In Benin, Romuald Wadagni will take the oath this Sunday, May 24, 2026, at the Palais des Congrès in Cotonou in the presence of around 6,000 guests, becoming the fifth president of the Republic of Benin. The president of the Constitutional Court, Dorothée Sossa, will receive his oath before he receives from the hands of Vice President Mariam Chabi Talata the Grand Collar of Grand Master of the National Order of Benin. Before this, Patrice Talon will welcome him at the Palace of the Marina for a brief meeting, after which he will leave the presidential building, marking the end of his ten-year presidency.
Wadagni, born on June 20, 1976, in Lokossa in the Mono department, was until his election Minister of State for Economy, Finance, and Cooperation, a position he held since Talon’s first government in April 2016. Trained in management at Grenoble École de Management, he worked for seventeen years at the audit and consulting firm Deloitte, first in France and then in the United States, before entering Benin’s political life. His running mate Mariam Chabi Talata, Vice President since May 2021, is retained in her position.
Wadagni won the presidential election on April 12, 2026, with 94.05% of the votes cast, or 4,252,347 votes, against 5.95% for his only opponent, Paul Hounkpè, candidate of the Cauris Forces for an Emerging Benin. The voter turnout was 58.75%, up from 50.63% recorded in the 2021 presidential election. Paul Hounkpè acknowledged his defeat on the evening of the election, before the announcement of the provisional results by the Independent National Electoral Commission. The ECOWAS observation mission praised the “good organization of the vote.”
The vote was held in a limited political landscape: the candidate from the main opposition party, Les Démocrates, Renaud Agbodjo, could not validate his candidacy due to the strict sponsorship conditions imposed by the electoral law. The constitutional amendment of November 2025 also extended the presidential term from five to seven years, bringing Wadagni’s term to 2033.

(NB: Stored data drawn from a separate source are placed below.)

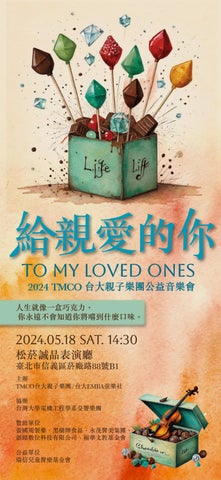 音樂,是家庭間情感的橋樑,是記憶中 不滅的火焰。在TMCO台大親子樂團 的舞台上,我們將這份情感化為旋律, 讓每一個音符都承載著家庭的溫暖與 愛。5月18日,我們誠摯邀請您參加「 給我親愛的」音樂會,一同體驗音樂如 何緊密連結我們的生活。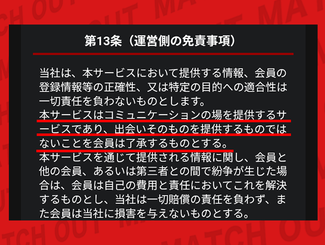 特に気になったのが、利用規約にある「コミュニケーションの場を提供するだけで、出会いそのものを保証しない」という内容なんだよな。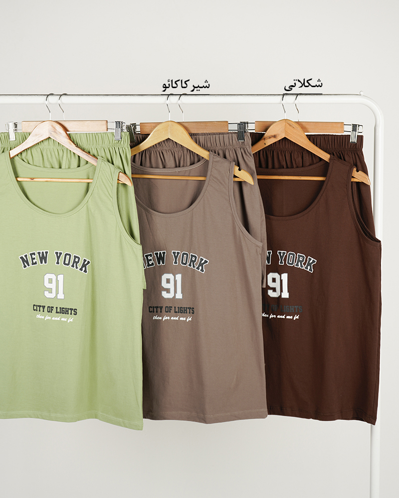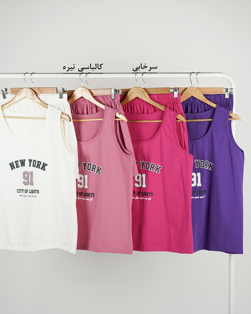 - توضیحات محصول: جنس ست، نخ پنبه است. تاپ، یقه گرد و آستین حلقه ای می باشد. طرح های روی ست، چاپی هستند. کمر شلوار، تمام کشی است.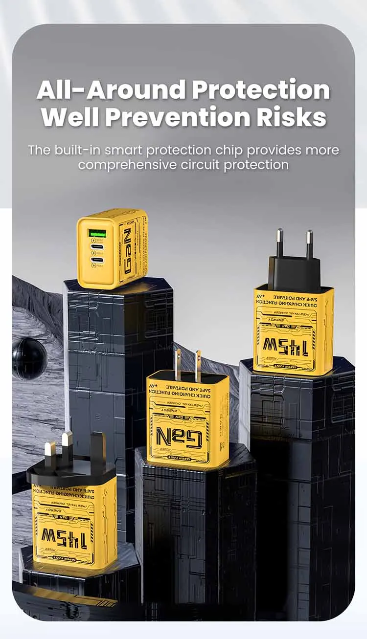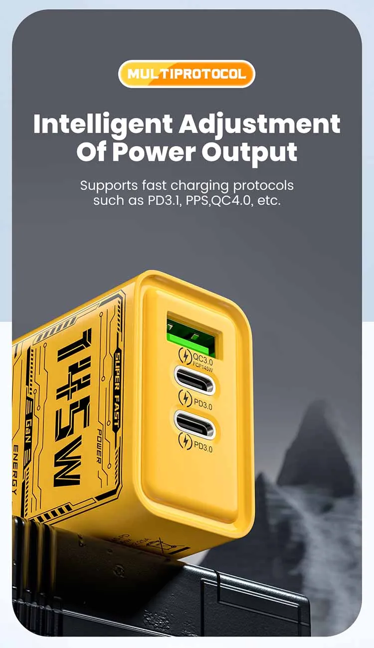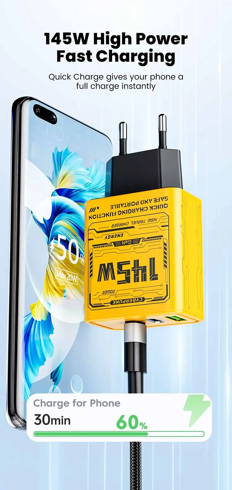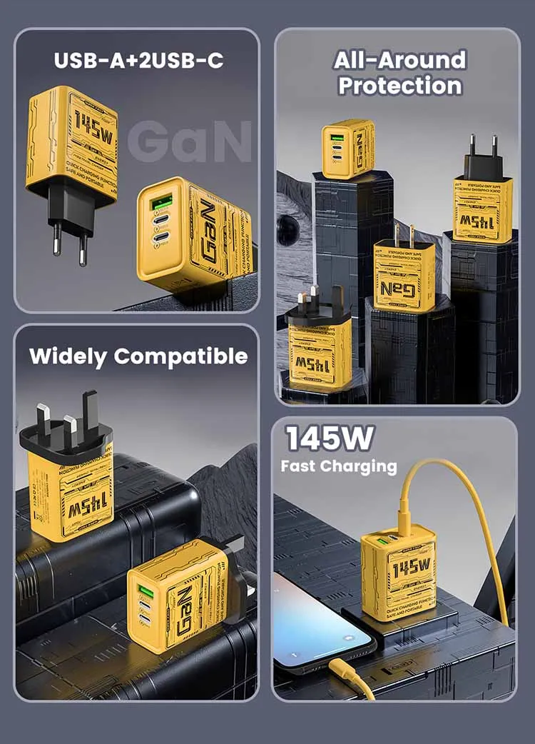 Cargador de carga rápida USB C de 3 puertos, cargadores PD USB GaN de 145W para iPhone 15 Pro QC 3,0, adaptador de cargador para Samsung, Xiaomi y Huawei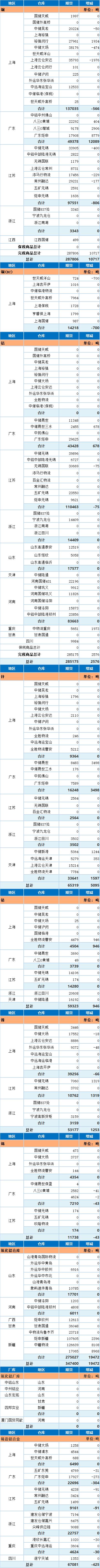 6月5日上海期货交易所金属库存日报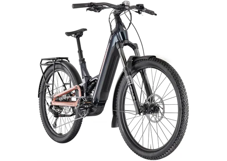 Rama aluminiowa o niskim przekroku i zintegrowanym akumulatorze zapewnia stabilność i ergonomię. Zawieszenie SR Suntour i RockShox wybiera nierówności, poprawiając przyczepność i komfort. Niska geometria umożliwia łatwe wsiadanie, a pełne zawieszenie oraz szerokie opony 27,5” gwarantują pewne prowadzenie zarówno w mieście, jak i w terenie.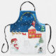 CHRISTMAS APRON DESIGN- HOLIDAY SNOW, LIGHTS, SNOWMAN, SANTA GOING DOWN THE CHIMNEY AND REINDEERS ARE PATIENTLY WAITING.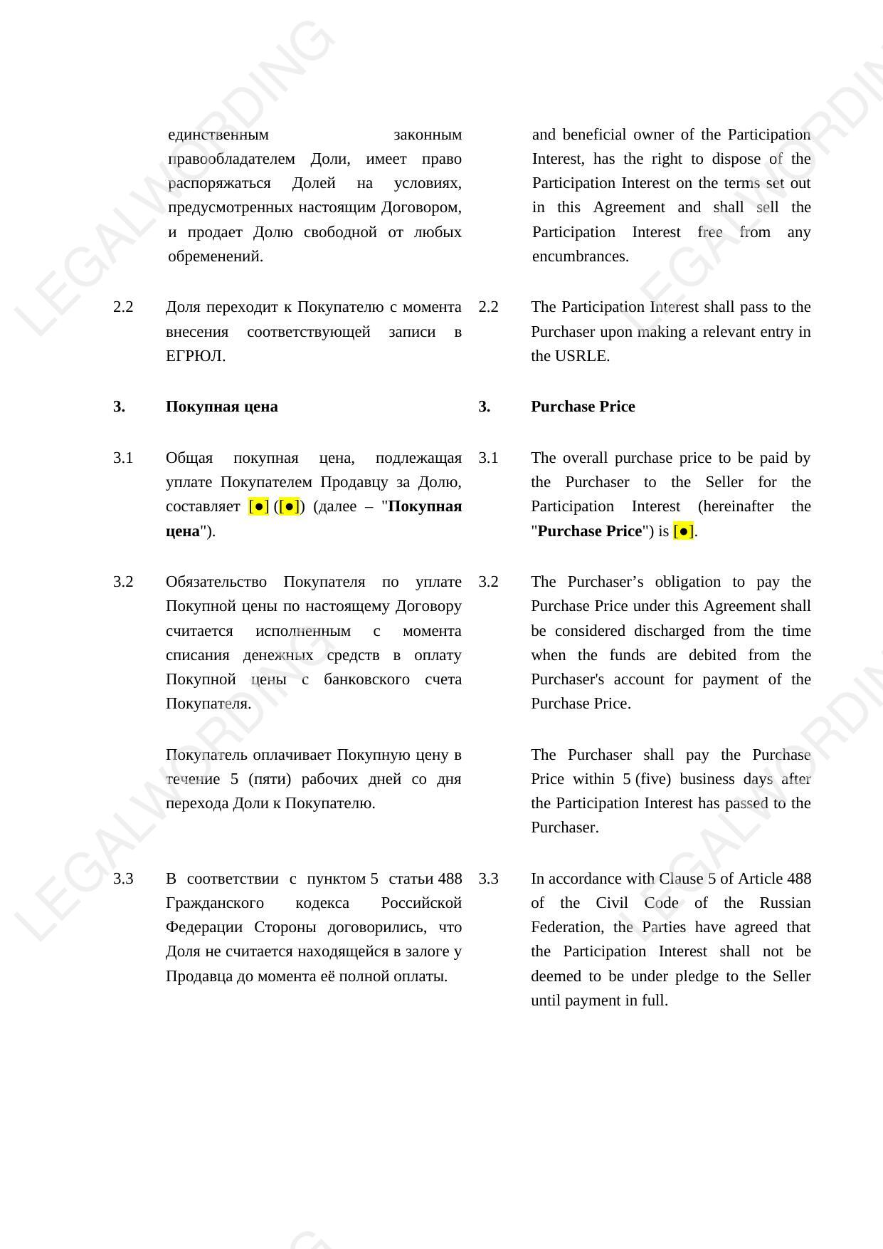 | Договор купли-продажи | Сбалансирован |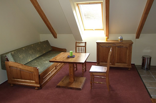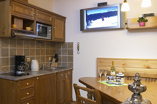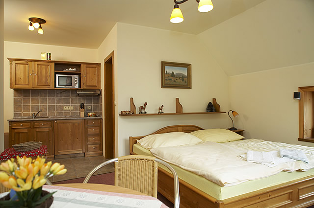 V každém ze čtyř moderně zařízených apartmánů je obývací místnost s plně vybaveným kuchyňským koutem, jídelním stolem, americkými krbovými kamny, rozkládací sedací soupravou, plazmovou televizí, DVD a SAT sestavou, dále ložnice s manželskou postelí a dvěma lůžky a sociální zařízení.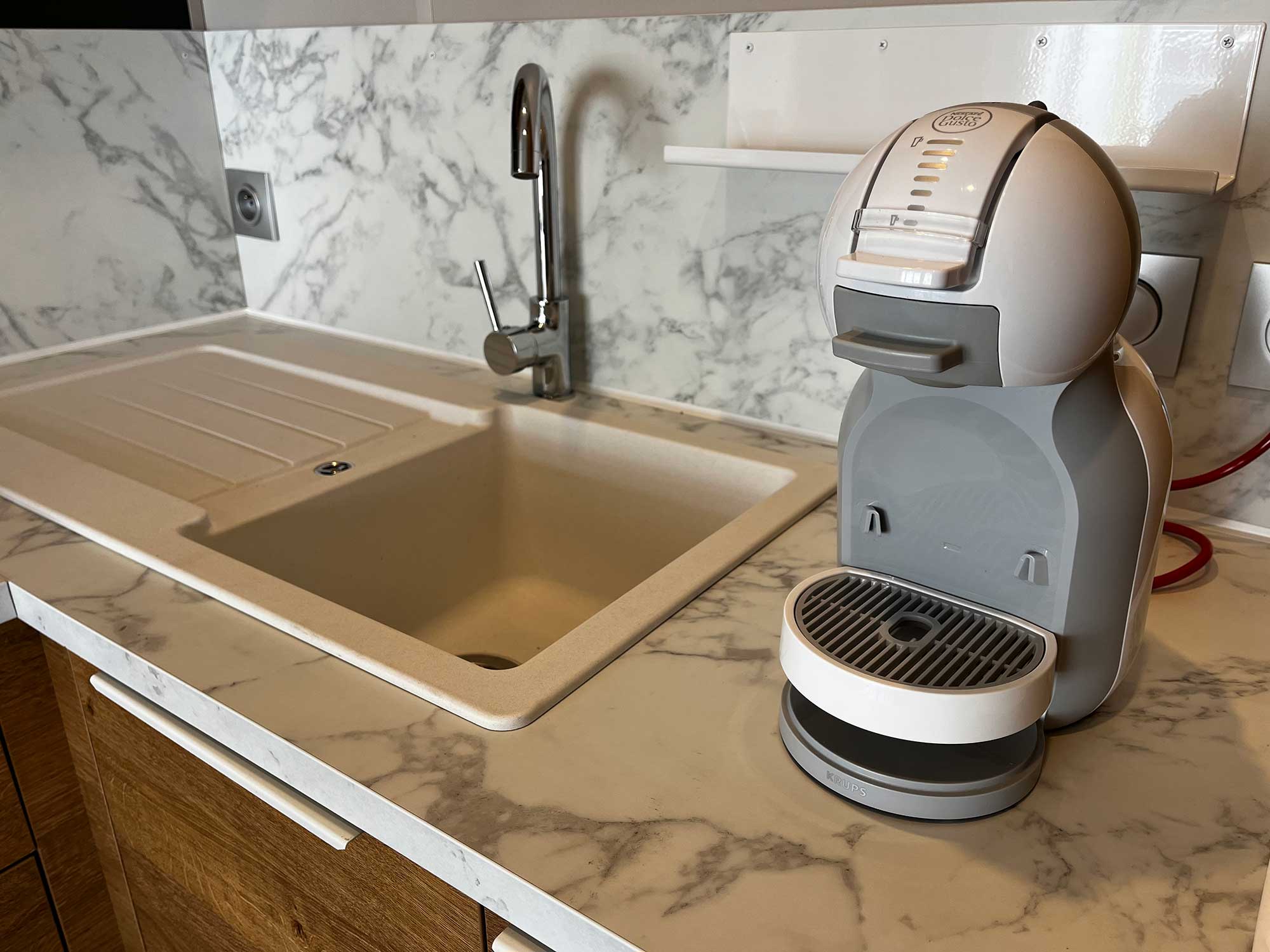 - a kitchen equipped with microwave, DOLCE GUSTO coffee maker, large fridge/freezer, gas hob, complete crockery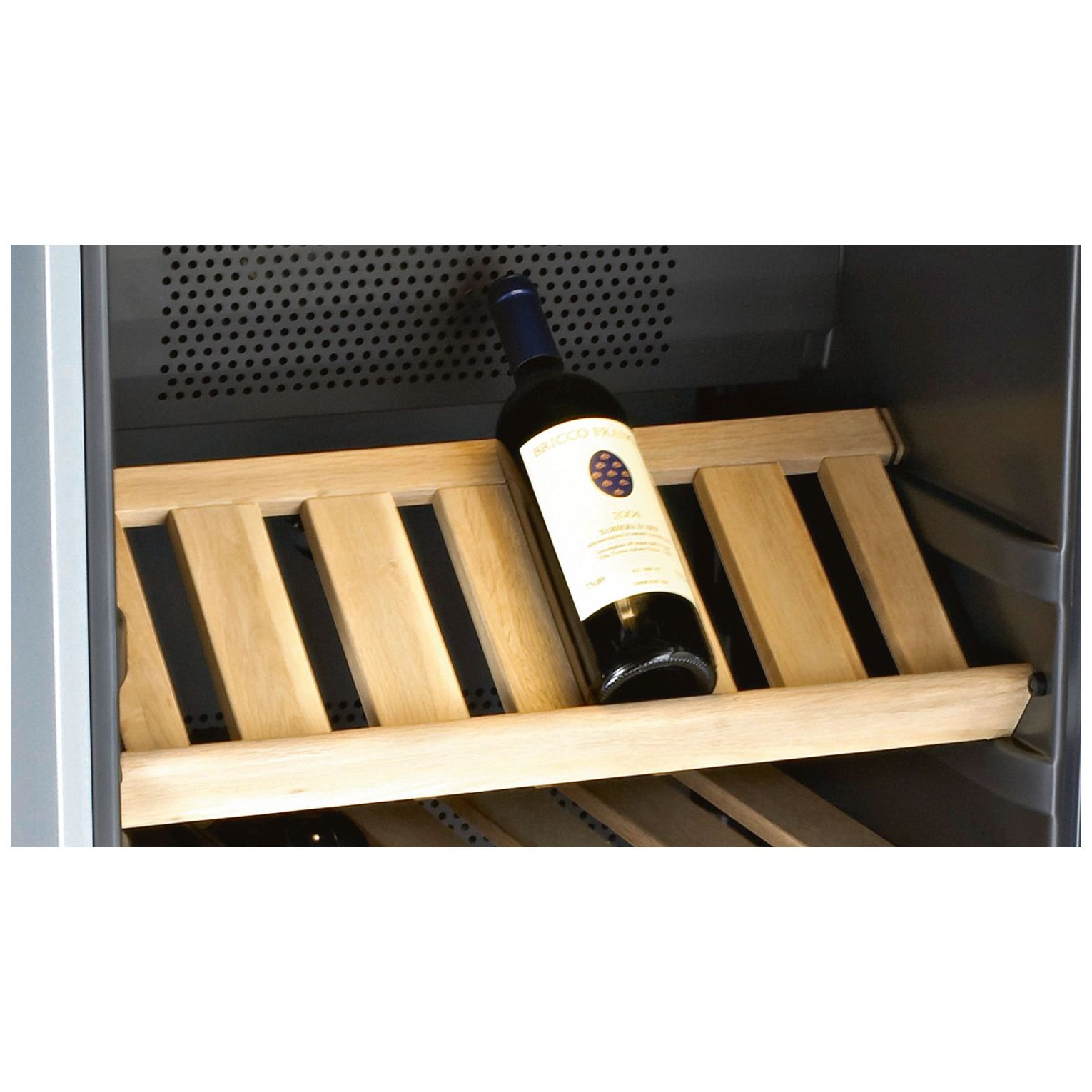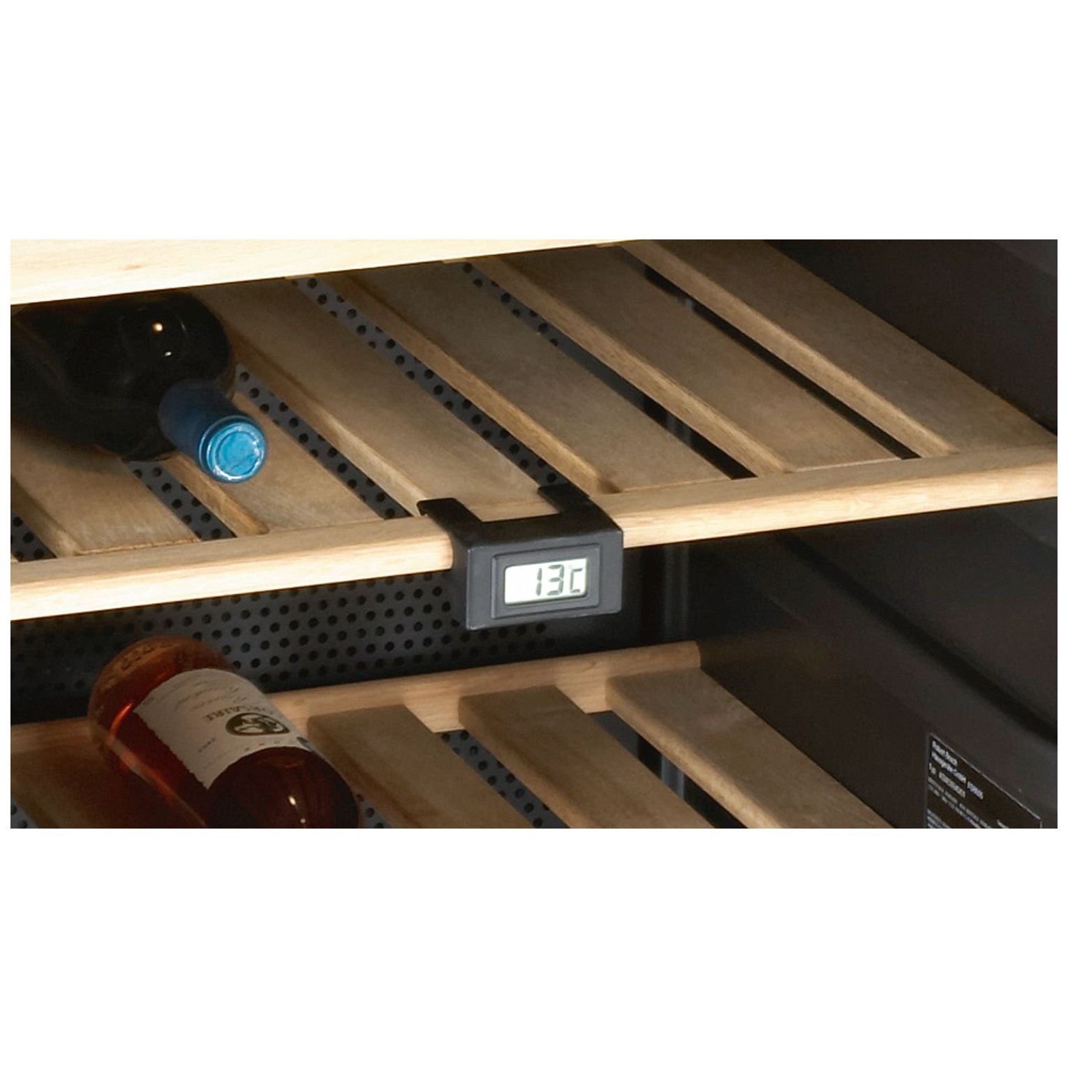 cyfrowy, 2 strefy regulacji temperatury, płynna regulacja temperatury w obydwu strefach w zakresie +5°C do 22°C, 6 półek na butelki w tym półka do prezentacji butelek,

Talon, ten years of reforms and a constitutional exit
Patrice Talon leaves power at the end of his second and final term, in accordance with the limitation set out in the revised Constitution of 2019 that he himself had enacted. In his farewell speech to the nation, he highlighted the reforms initiated since 2016 — overhauling the electoral system, cleaning up public finances, modernizing the Cotonou port, the Bénin Révélé program in tourism — while acknowledging that the journey “has not been without difficulties.”
Talon, 65, a magnate in the cotton sector before assuming the presidency, will not leave public life. The constitutional revision of November 2025 created a Senate of which former presidents are ex officio members. According to several political analysts, Talon could become its president, allowing him to influence the regulation of political life without holding executive functions.
The new head of state inherits an economy whose growth was assessed at 6.4% in 2025 by the World Bank, but also faces persistent security pressures in the north of the country, near Burkina Faso and Niger, regions affected by incursions from armed groups since 2022. The establishment of the Senate, scheduled for the months following the inauguration, will be one of the new president’s first institutional challenges.
A designated successor who owes nothing to Talon
The uniqueness of Wadagni’s profile in the succession lies in his trajectory within the state apparatus. Unanimously designated by the Progressive Union for Renewal (UPR) and the Republican Bloc during a restricted meeting at Talon’s residence on the night of August 30-31, 2025, he is not, however, presented as a member of the outgoing president’s circle. According to Soudan, Talon “had the intelligence to choose a successor who was a brilliant executor of his economic policy, but to whom he owes nothing.”
The former president Nicéphore Soglo also congratulated the choice of Wadagni, believing that he was the most qualified to “continue the work of the outgoing president.” Ousmane Batoko, former president of the Supreme Court and a critical voice of Talon’s regime, stated that he believes the new president “will do better than his predecessor.” Wadagni will be the first Beninese president to leave his position as Minister of State to take up the presidential role: an economist and auditor by training, he led the most sensitive negotiations of the decade — sovereign debt, adjustment programs, cooperation agreements with China in 2023 — from his ministry.